Thereafter, beginning on June 19, 2020, Prime EFS will make weekly payments of $15,000.00 to the Creditors each Friday for 125
weeks ending with a final payment of $13,556.06 on November 18, 2022 at which time the Outstanding Balance will be paid in full.
Prime EFS is permitted to prepay the Outstanding Balance at any time without penalty.
In
the event that Prime EFS fails to make a scheduled payment or otherwise defaults on its obligations, the remaining Outstanding
Balance shall be due in full within five business days of receipt by Prime EFS of a notice of default from the Creditors. If Prime
EFS does not pay the remaining Outstanding Balance within five business days of receipt of a notice of default, the Creditors
shall be entitled to 9% per annum simple interest on the remaining Outstanding Balance from the date of default and to recover
attorneys’ fees and costs for enforcement.
Item
3.02 Unregistered Sales of Equity Securities.
Pursuant
to Section 4.9 of a Securities Purchase Agreement, dated as of August 30, 2019, by and among the Company and the investors
named therein (the “Investors”), the Company is required to keep reserved for issuance to the Investors three
times the number of shares of common stock issuable to the Investors upon conversion or exercise, as applicable, of convertible
notes and warrants held by the Investors (the “Reserve Requirement”). If the Company fails to meet the Reserve
Requirement within 45 days after written notice from an Investor, the Company must, inter alia, sell to the Lead Investor
(as defined in the Securities Purchase Agreement) for $100 a series of preferred stock which holds voting power equal to 51% of
the number of votes eligible to vote at any special or annual meeting of the Company’s stockholders (with the power to take
action by written consent in lieu of a stockholders meeting) for the sole purpose of amending the Company’s Amended and
Restated Articles of Incorporation to increase the number of shares of common stock that the Company is authorized to issue, which
such preferred stock shall be automatically cancelled upon the effectiveness of the resulting increase in the Company’s
authorized stock. By letter agreement dated, June 4, 2020, the Lead Investor assigned this contract right to John Mercadante,
the Chief Executive Officer of the Company.
The
Company was unable to comply with the Reserve Requirement within 45 days after written notice from an Investor.

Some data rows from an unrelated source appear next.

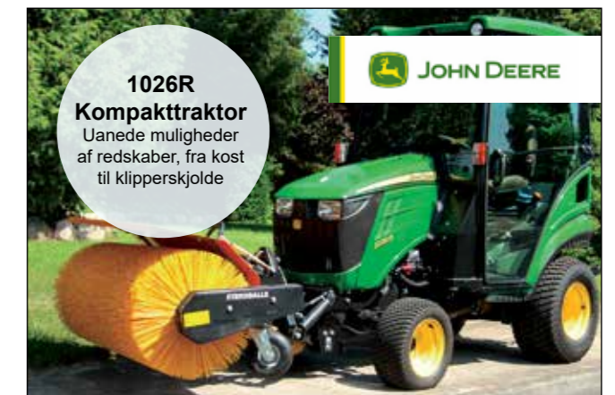
1026R Kompaktraktor Uanede muligheder af redskaber, fra kost til klipperskjolde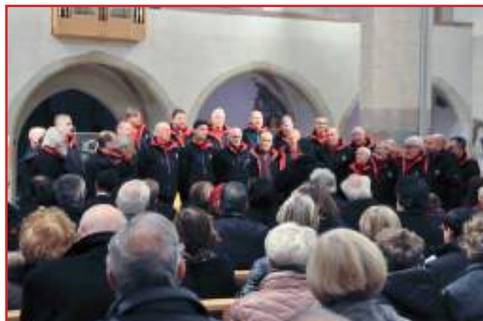
Il Coro Monti Pallidi di Laives rappresenta la Federazione Cori dell'Alto Adige.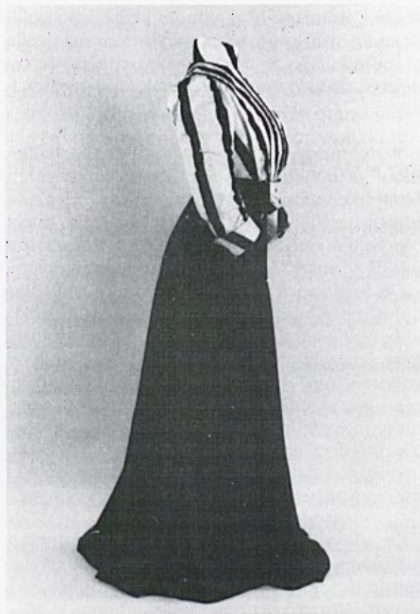
Dvodelna obleka, 1903

Vidnejši korak k svobodnejši in bolj praktični modi je bil storjen, ko so stopile v veljavo dvodelne obleke. Kasneje so se v skladu z reformiranjem uveljavili tudi ženski kostimi in z njimi bluze, se pravi dnevno oblačilo, ki si je poleg oblek za slovesnosti in večerne ure izbojevalo trdno mesto v ženski garderobi. Ideal bluze je obstajal v tem, da so že tako pogosto prozorno bluzo zgoraj globoko izrezali in ta izrez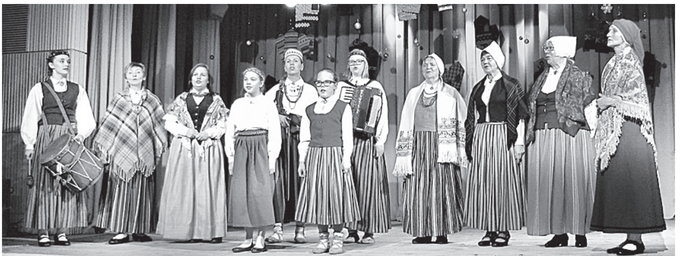
Folkloras kopa “Libe”.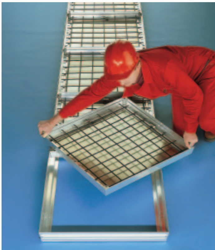
Typ BVA-RA vor der Montage

Anwendungsempfehlung: Ideale Abdeckung für Versorgungs- und Entsorgungskanäle im Industrie- und Werkstättenbereich, z. B. für die Energie-, Wasser- und Druckluftversorgung.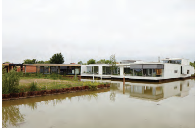
Am Hafen Neusiedl am See; Architektur Halbritter & Hillerbrand

Architekturtage 2012 01–02 Juni www.architekturtage.at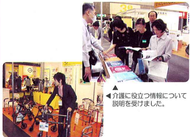
▲介護に役立つ情報について説明を受けました。

参加者は、普段の介護に役立てようと新しく開発された福祉用具や、身近な物を使ったアイデアグッズなど数多くの商品を手に取り、感触を確かめていました。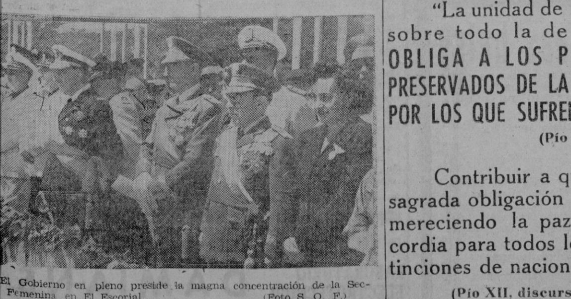
El Gobierno en pleno preside la magna concentración de la Sección Femenina en El Escorial.

Accordingly, on
June 5, 2020, the Company sold to John Mercadante, for $100.00, 1 share of Series C Preferred Stock which has voting power equal
to 51% of the number of votes eligible to vote at any special or annual meeting of the Company’s stockholders (with the
power to take action by written consent in lieu of a stockholders meeting) for the sole purpose of amending the Company’s
Amended and Restated Articles of Incorporation to increase the number of shares of common stock that the Company is authorized
to issue. Upon the effectiveness of the amendment, the Series C Preferred Stock will be automatically cancelled. The Series C
Preferred Stock is not entitled to vote on any other matter, is not entitled to dividends, is not convertible into any other security
of the Company and is not entitled to any distributions upon liquidation of the Company. The Series C Preferred Stock was issued
and sold pursuant to Section 4(a)(2) of the Securities Act of 1933, as amended.
Item
5.03 Amendments to Articles of Incorporation or Bylaws; Change in Fiscal Year.
On
June 4, 2020, the Board of Directors of the Company (the “Board of Directors”) created a Series C issue of
preferred stock (the “Series C Preferred Stock”) pursuant to the authority vested in the Board of Directors
by the Company’s Amended and Restated Articles of Incorporation to issue up to 10,000,0000 shares of preferred stock, $0.001
par value per share, of which 8,300,000 are unissued and undesignated. The Company’s Amended and Restated Articles of Incorporation
explicitly authorize the Board of Directors to issue any or all of such shares of preferred stock in one (1) or more classes or
series and to fix the designations, powers, preferences and rights, the qualifications, limitations or restrictions thereof, including
dividend rights, dividend rates, conversion rights, voting rights, terms of redemption, redemption prices, liquidation preferences
and the number of shares constituting any class or series, without further vote or action by the stockholders.
The
Board of Directors designated one share of preferred stock as Series C Preferred Stock. The Series C Preferred Stock votes together
with the common stock, par value $0.001 per share (the “Common Stock”) as one class. Solely with respect to
a proposal to amend the Company’s Amended and Restated Articles of Incorporation to increase the number of shares of Common
Stock that the Company is authorized to issue (an “Authorized Share Increase Proposal”), the Series C Preferred
Stock has voting power equal to 51% of the number of votes eligible to vote at any special or annual meeting of the Company’s
stockholders (with the power to take action by written consent in lieu of a stockholders meeting). The Series C Preferred Stock
does not have the right to vote and/or consent on any matter other than an Authorized Share Increase Proposal. Upon the effectiveness
of an Authorized Share Increase Proposal, the Series C Preferred Stock will be automatically cancelled. The Series C Preferred
Stock is not entitled to vote on any other matter, is not entitled to dividends and is not entitled to any distributions upon
liquidation of the Company.
The
Certificate of Designation of Preferences, Rights and Limitations of Series C Preferred Stock (the “Series C COD”)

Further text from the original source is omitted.